DO YOU FEEL FREER AS YOU GET OLDER?
I don’t know if I feel freer – I think the really fun people are either — just aged into not being as much fun — or they OD’d. There’s just not as many free spirits around me anymore.

ARE YOU COMFORTABLE WITH AGING?
I’m trying to be pretty upbeat about the whole thing. I mean, it’s like, how much pressure do you put on yourself? How much pressure do you put on other people to believe in your delusion about yourself? (laughing)

I don’t feel like it’s over. But I do definitely feel condescended to quite often by younger people.

WELL, LET’S GO AGELESS. I’M FREEZE DRYIN’ AT 67. IT HAS A NICE RING … PEOPLE WILL ASSUME THINGS WITH NUMBERS, AND TREAT YOU DIFFERENTLY — UNLESS WE CHOOSE TO EDUCATE THEM I’m on this app where I get all my sex. And I’m on there as 38 and you know what? If they come to all the trouble to come to your house to have sex, they don’t give a fuck.
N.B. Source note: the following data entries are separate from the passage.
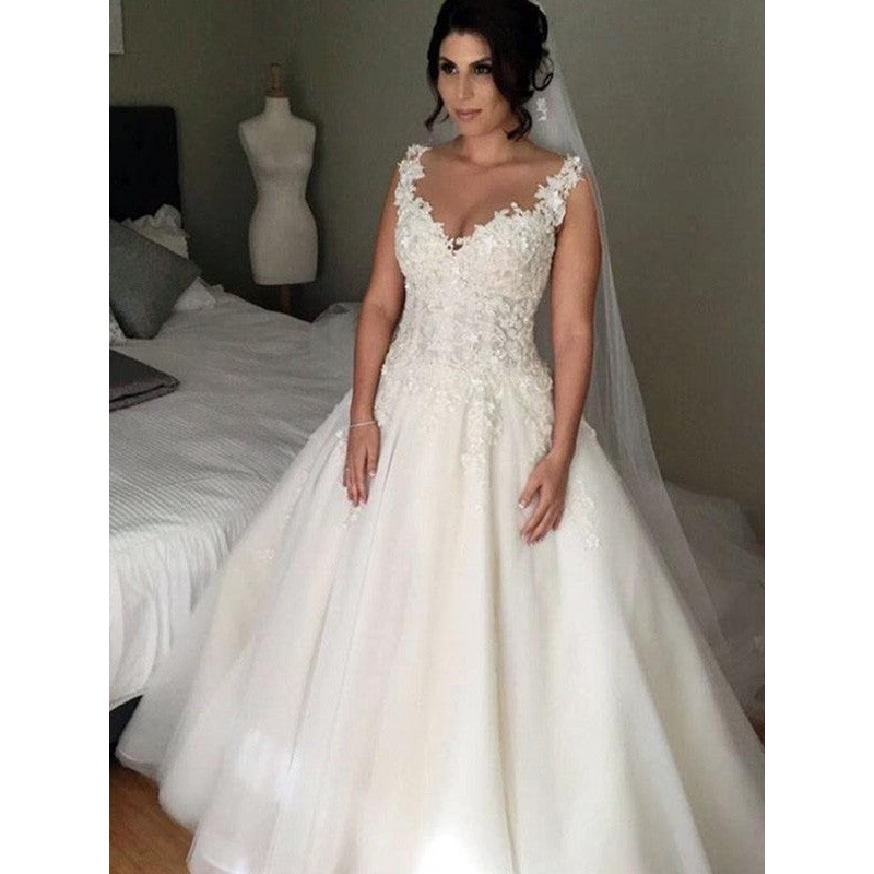 Ball Gown Sleeveless V-neck Court Train Applique Lace Tulle Wedding Dresses
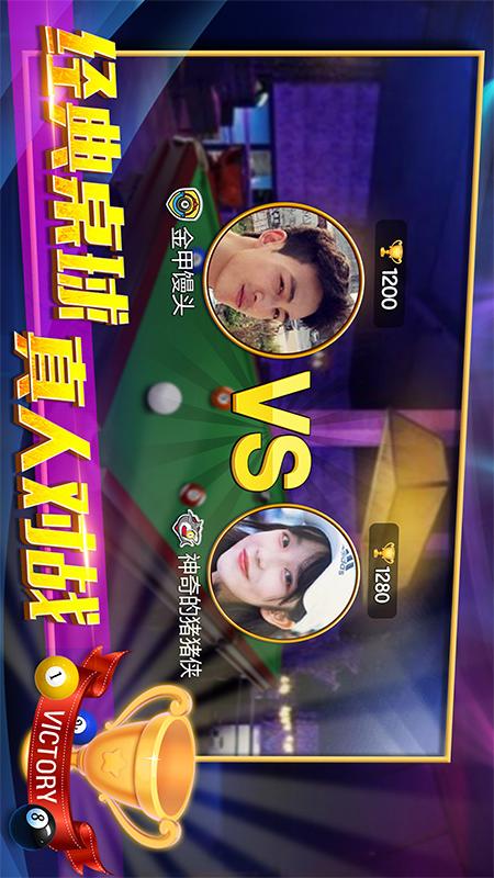 经典8球,竞技对战—PVP真人实时匹配、8人联赛随机分组,还原现实桌球玩法,简单流畅的操作,酷炫的动画特效给你绝佳的游戏体验。
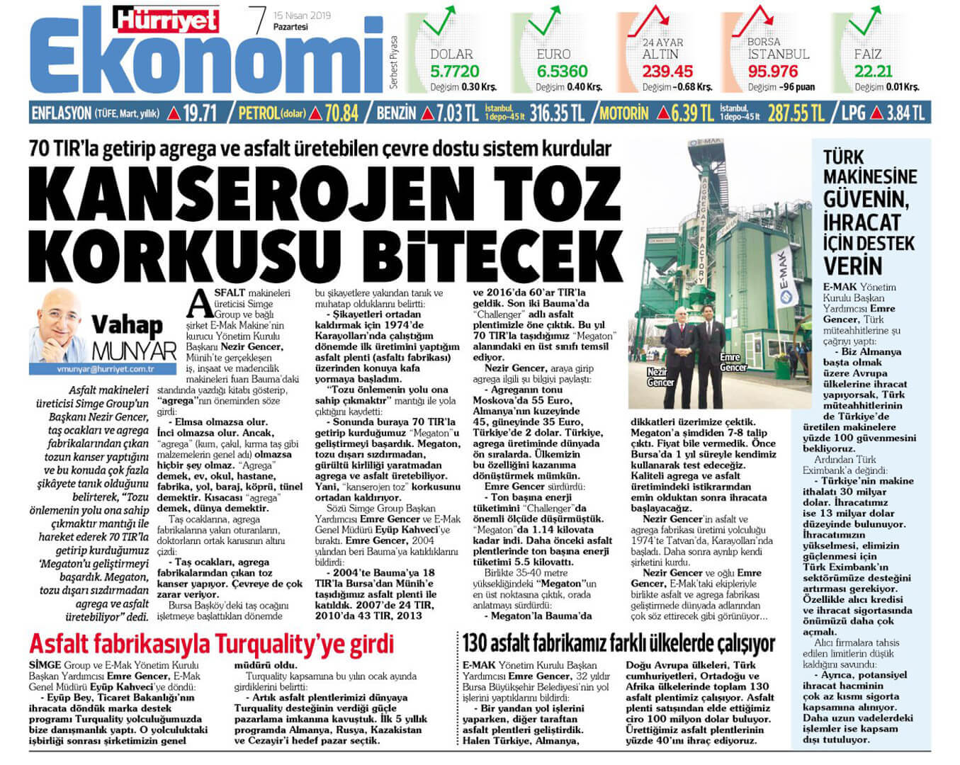 Artık asfalt plentlerimizi dünyaya Turquality desteğinin verdiği güçle pazarlama imkanına kavuştuk. İlk beş yıllık programda Almanya, Rusya, Kazakistan ve Cezayir’i hedef pazar seçtik.
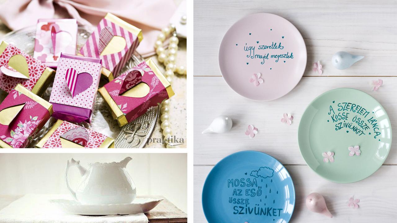 Kerámia filccel írhatsz kedves idézeteket a tányérokra, színespapírral bevont skatulyákba pedig apró finomságokat rejthetsz.
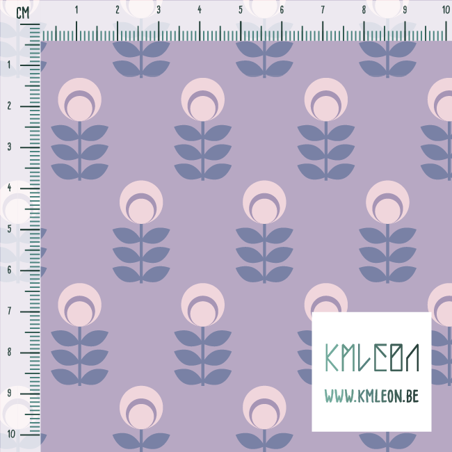 Pink and blue scandi flowers, against a purple background.
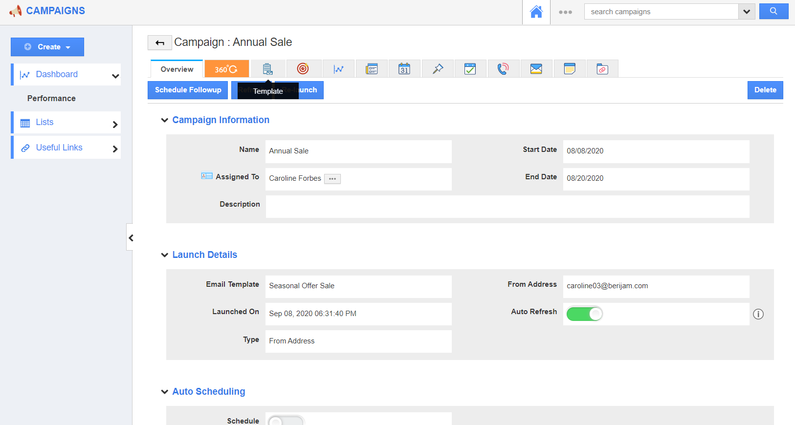 - Navigate to the Overview page of a campaign. Here, select the Template tab from the Activity Bar.

They’re like, you’re so beautiful. Can I come over? And I’m like … maybe ….

And it just says I’m not a biological female.

That’s the first line on my thingey.

MY FINAL QUESTION IS WHAT DOES GLORIOUS MEAN TO YOU — SINCE YOU ARE A GLORIOUS BROAD?
Fully realized — as her experience allows.

That’s a Glorious Broad — because you still have to be adventurous.

I heard somebody I would have considered to be glorious say: “I just don’t get it with the ‘they’ and ‘them.’ I don’t know. I just don’t like it.”

I didn’t say anything, but I wanted to say to her: so, when was it that you decided that you didn’t need to learn anything anymore?

I don’t ever want to get to that point.

* We’ve corrected this quote to use Viv’s preferred pronouns they/them/their — People, let’s get it together with the pronouns already!